"Healthy Competition" is the second episode of series 3 of the BBC sit-com, Only Fools and Horses. It was first broadcast on 17 November 1983. In the episode, Rodney decides to leave Trotters Independent Traders and go into business with Mickey Pearce, but soon learns that it is harder than it looks.

Synopsis
After an argument with Del Boy for failing to spot an approaching policeman at the market, leading to a frantic chase scene, Rodney informs Del and Grandad that he has other things on his mind and is preparing to make a big announcement, namely that he is leaving Trotters Independent Traders to set up a business partnership with his friend Mickey Pearce. Del and Grandad warn Rodney that Mickey Pearce is untrustworthy and has no business sense, but Rodney dismisses their claims. Del warns Rodney that going it alone means he has to pay for everything himself in future, but Rodney proceeds with it, insisting that he can prove he is just as good as Del. Rodney raises his revenue by informing Del that he owns one half of Trotters to which Del, after slight hesitation, gives Rodney money from the pile (though clearly less than half, in keeping with his character).

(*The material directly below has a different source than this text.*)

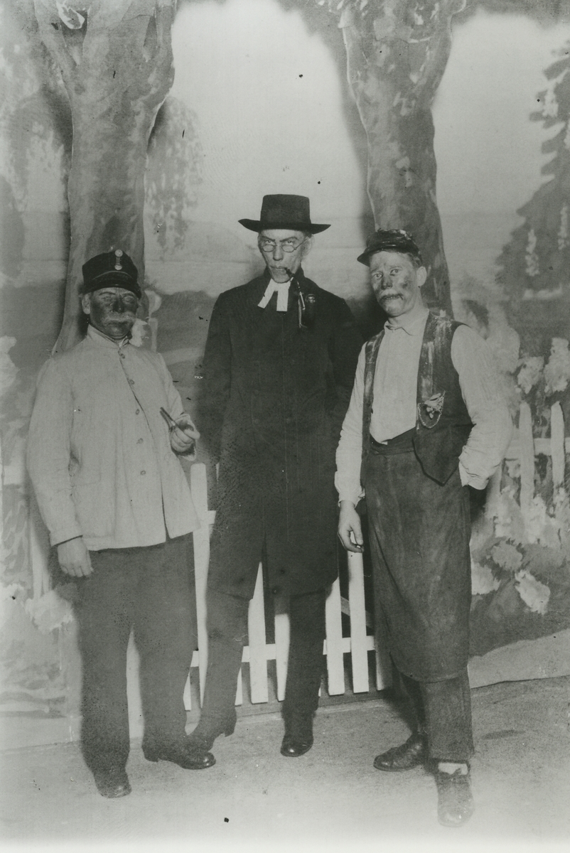 Titel: Skådespelare i pjäsen Majorens döttrar på Klubbhusets scen. Personer: Carl Pettersson, Gustav Lorang, Bengt Box

Rodney and Mickey meet Del at a local auction the following day, and set their eyes on a set of glass goblets. Del then arrives and urges them not to buy Lot 37, claiming that it is just scrap iron. Both Rodney and Mickey, thinking Del is trying to cheat them out of bidding for that lot, go ahead and purchase Lot 37, which turns out to be rusting and broken lawnmower engines. It also emerges Del was the one selling the engines in the first place, having drunkenly bought them off Alfie Flowers, an associate of his. Adding insult to injury, Rodney and Mickey have paid so wildly over the odds for the engines that Del ends up making a decent profit on the engines, with which he was able to buy the goblets they were after.

Things immediately go downhill for Rodney. Whilst Del has a successful week and manages to sell all his merchandise, Rodney and Mickey are lumbered with the broken lawnmower engines, which are still stuck in Mickey's garden shed. Del tells Grandad about his own success and they both joke about Rodney's misfortune with the lawnmower engines. According to Del, two nights previously, someone broke into the shed and stole two of the engines, only to return them the next night. Rodney returns home and Grandad asks Del to leave him alone and not discuss the engines.

Rodney is clearly struggling but is determined to convince Del he is managing perfectly. He claims to have had plenty of clients asking about the engines, and his claims become more exaggerated as Del probes further into his business. Rodney asks for some food but Del refuses, telling Grandad not to cook him anything as he has not paid his housekeeping money. Rodney attempts to persuade him, but he does not budge. Grandad asks how Rodney could be struggling with money when he had the £200 given to him by Del out of their share of the partnership. It soon transpires that Mickey has gone on holiday to Benidorm with the company finances, leaving Rodney with nothing.

Feeling sorry for his brother, Del comes up with a scheme to get Rodney to rejoin Trotters Independent Traders with his pride intact and thinking that he has been successful. He pays another trader, Towser, to buy the lawnmower engines from Rodney for £200, despite having a scrap value of only £20, and to make up a story about a contact in the GLC Parks Department who wants as many engines as he can get. Towser then asks what he should do with the engines, and Del tells him to give them back to Alfie. With Del's plan, Rodney will gain a bit of confidence and realise he would be better off being Del's partner again, and Del will get his money back when Rodney buys back into Trotters Independent Traders.

The next day, at The Nag's Head, Rodney tells Del he liquidated the partnership with Mickey, and proudly tells him that he has sold the lawnmower engines to Towser. Unfortunately, it becomes apparent that Del's plan has not quite worked out, and that Towser only paid Rodney £165 and kept the remaining £35 for himself. Worse still, Rodney has invested all the proceeds in buying another set of lawnmower engines from Alfie Flowers which are, unknown to Rodney, the same ones Towser had just given back to him. He thus asks Del if he can borrow some money, and Del angrily bemoans what a "42 carat plonker" his brother is. Del gives Rodney an elastic band to put around his Gucci to stop the sole coming off.

Episode cast

First appearances
Patrick Murray as Mickey Pearce

Music
John Williams: Jaws theme

Note: In the VHS/DVD versions, John Williams' "Jaws theme" is replaced by a similar-sounding piece of music.